Insect Pest Control Section

The Section assists FAO and IAEA Member States in implementing environmentally-friendly and sustainable methods to control major insect pests of crops and veterinary and human importance. It focuses on an area-wide integrated pest management approach, applying the Sterile Insect Technique where feasible to enhance food security and international trade. 

The Section’s work ranges from research activities to service delivery, training and knowledge management.

Through its laboratories at Seibersdorf, Austria, it carries out applied research and method development and improvement, helping Member States adapt and integrate the Sterile Insect Technique with other biologically-based methods.

Its research and development work addresses gaps in relation to mass rearing, sterilization, quality control, behaviour, transport and release, microbiology and genetics of major insect pests, such as fruit flies, moths, tsetse flies and mosquitoes. It is complemented by several five-year coordinated research projects, each with the participation of 15-20 researchers from Member States. These projects augment the research at the laboratories, support networking among researchers, and transfer new procedures and methodologies from senior scientists to junior researchers.
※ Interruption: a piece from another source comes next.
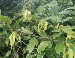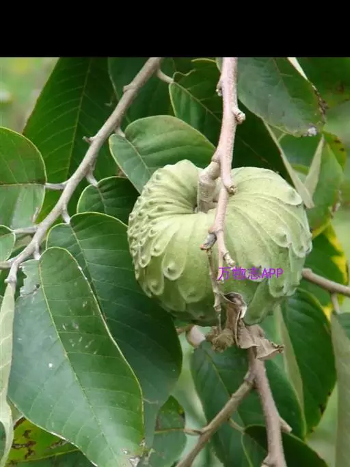 毛叶番荔枝(Annona cherimolia Mill.)番荔枝科落叶小乔木,高4-5米;枝条被短柔毛。叶薄纸质,卵圆形、少数为椭圆形,顶端钝或短渐尖,基部圆形,叶面被短柔毛,叶背被短绒毛。花单生或2-3朵与叶对生;总花梗被茸毛;外轮花瓣长圆状线形,外面绿黄色或红色,被短柔毛,内面浅黄色或带白色,基部有紫色斑点,内轮花瓣鳞片状,肉红色或紫色。果实圆锥状或心脏形,有时圆球状或卵圆状,果皮有各式凹凸状;果肉白色,与种子易于分离,味甜酸;种子倒卵形,略扁,顶端斜截形。

The Section also delivers services, supplies biological materials and provides guidance on the development and use of equipment, as well as expert support for coordinated research and field projects. It plays an important role in developing and strengthening technical, managerial and scientific skills required for the effective and efficient application of area-wide integrated pest management programmes. It is also a reference centre for insect strains and mutants.

Supporting an area-wide integrated pest management through knowledge-sharing

A key role of the Section is to disseminate to Member States factual, comprehensive and current information about strategies, techniques, products and processes related to integrated pest management.

To accomplish this, it supports the collection, compilation, analysis, synthesis and dissemination of scientific and technical information; helps set international standards by promoting the development and application of international sanitary and phytosanitary standards under the International Plant Protection Convention and other regional and international standard-setting bodies; provides strategic advice on insect pest control to influential animal health and plant protection organizations, as well as academic, research and teaching institutions; and helps elaborate policies and guidelines for the different components of area-wide integrated pest management programmes.